WHAT IS NEEDED - Exclude the pictures and reproduce the remaining data exactly as written.

RECORDS SUPPLIED -
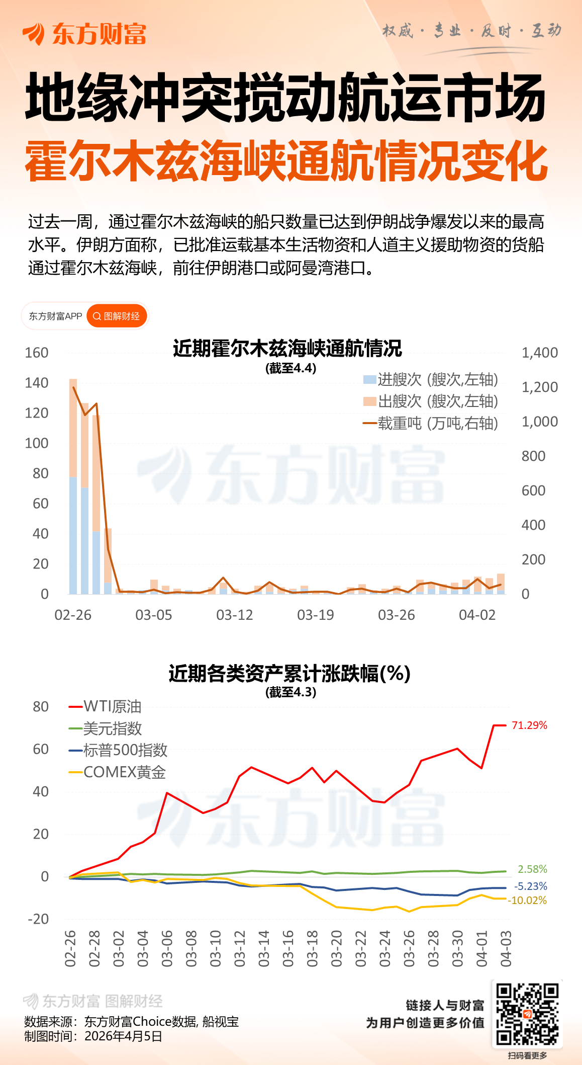另外,当地时间4月4日晚,伊朗方面称,伊拉克船只可通过霍尔木兹海峡。同一天,伊朗已批准运载基本生活物资和人道主义援助物资的货船通过霍尔木兹海峡,前往伊朗港口或阿曼湾港口。
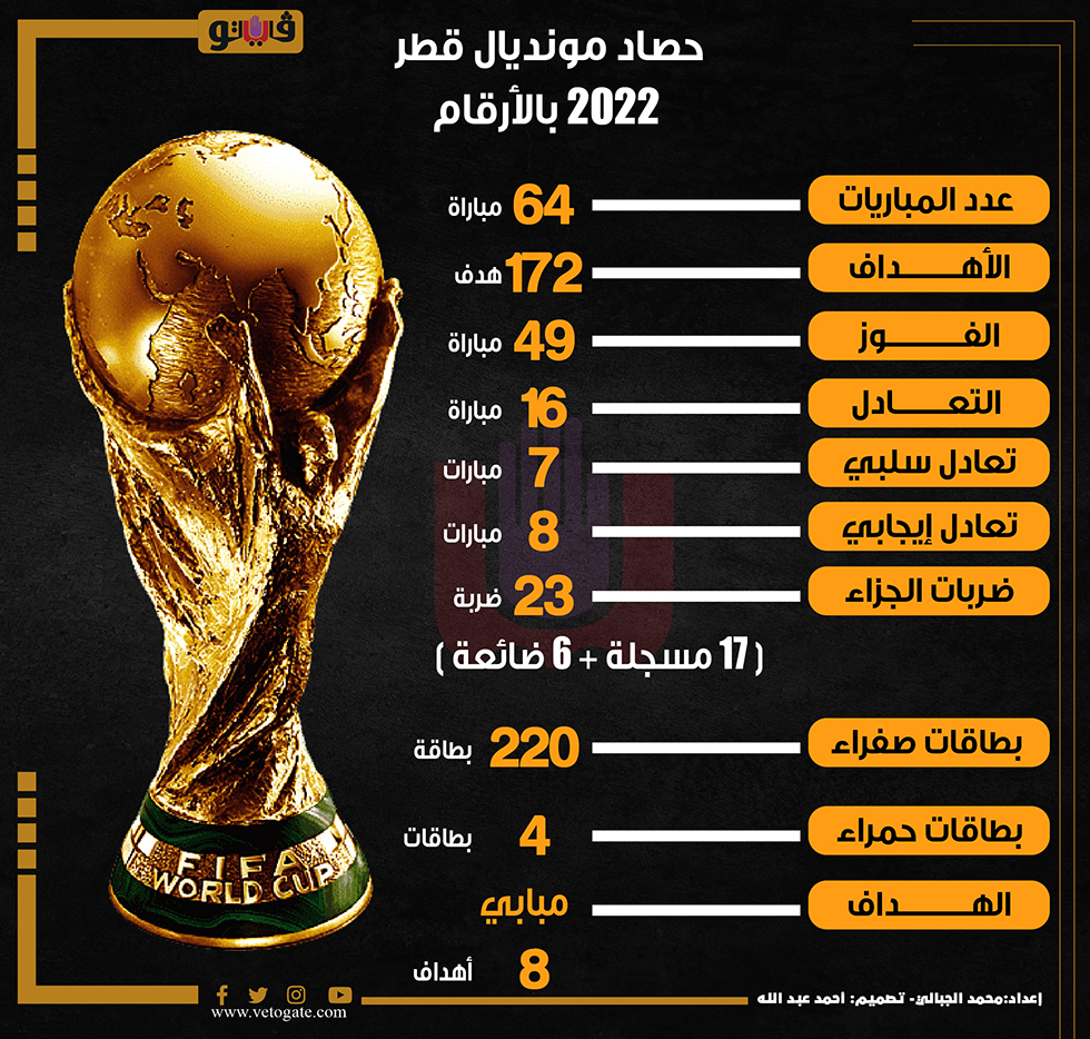 حصاد مونديال قطر 2022 بالأرقام ( انفوجراف ) الأحد 18/ديسمبر/2022 - 08:31 م 12/18/2022 8:31:00 PM منتخب الأرجنتين، فيتو شارك طباعة 18 حجم الخط شارك طباعة بطاقات صفراء مونديال قطر 2022 قطر 2022 ضربات الجزاء مونديال قطر بالأرقام
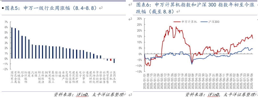行情回顾:本周(2025.8.4-2025.8.8)申万计算机行业指数下跌0.41%,在31个申万一级行业中排名第30位。截至本周五(8月8日),计算机行业指数与较年初上涨13.30%,跑赢沪深300指数8.97pct。
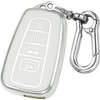 Kirsnda key fob cover metal buckle Compatible with toyota Camry RAV4 Highlander Avalon C-HR Prius Corolla ect Smart Remote Key skin,TPU Protection Key Case 4 buttons (silver white)
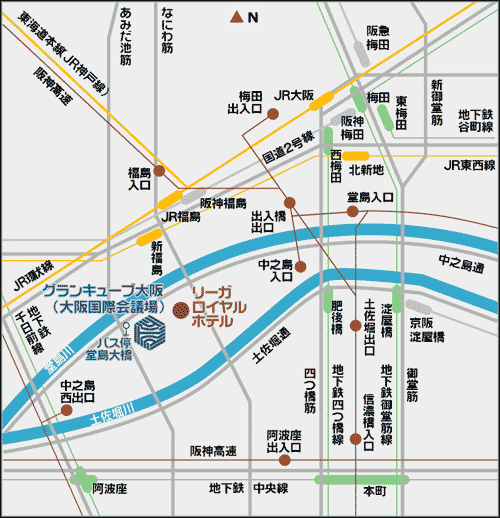 | シャトルバス“ リーガロイヤルバス ”が、「リーガロイヤルホテル」(大会会場の東隣)と 各ターミナル(JR「 大阪 」中央出口、地下鉄・京阪「 淀屋橋 」西詰)の間を運行しており、ご利用いただけます(無料)。 |

ANSWER TO THE EXERCISE -
另外,当地时间4月4日晚,伊朗方面称,伊拉克船只可通过霍尔木兹海峡。同一天,伊朗已批准运载基本生活物资和人道主义援助物资的货船通过霍尔木兹海峡,前往伊朗港口或阿曼湾港口。
 حصاد مونديال قطر 2022 بالأرقام ( انفوجراف ) الأحد 18/ديسمبر/2022 - 08:31 م 12/18/2022 8:31:00 PM منتخب الأرجنتين، فيتو شارك طباعة 18 حجم الخط شارك طباعة بطاقات صفراء مونديال قطر 2022 قطر 2022 ضربات الجزاء مونديال قطر بالأرقام
行情回顾:本周(2025.8.4-2025.8.8)申万计算机行业指数下跌0.41%,在31个申万一级行业中排名第30位。截至本周五(8月8日),计算机行业指数与较年初上涨13.30%,跑赢沪深300指数8.97pct。
 Kirsnda key fob cover metal buckle Compatible with toyota Camry RAV4 Highlander Avalon C-HR Prius Corolla ect Smart Remote Key skin,TPU Protection Key Case 4 buttons (silver white)
 | シャトルバス“ リーガロイヤルバス ”が、「リーガロイヤルホテル」(大会会場の東隣)と 各ターミナル(JR「 大阪 」中央出口、地下鉄・京阪「 淀屋橋 」西詰)の間を運行しており、ご利用いただけます(無料)。 |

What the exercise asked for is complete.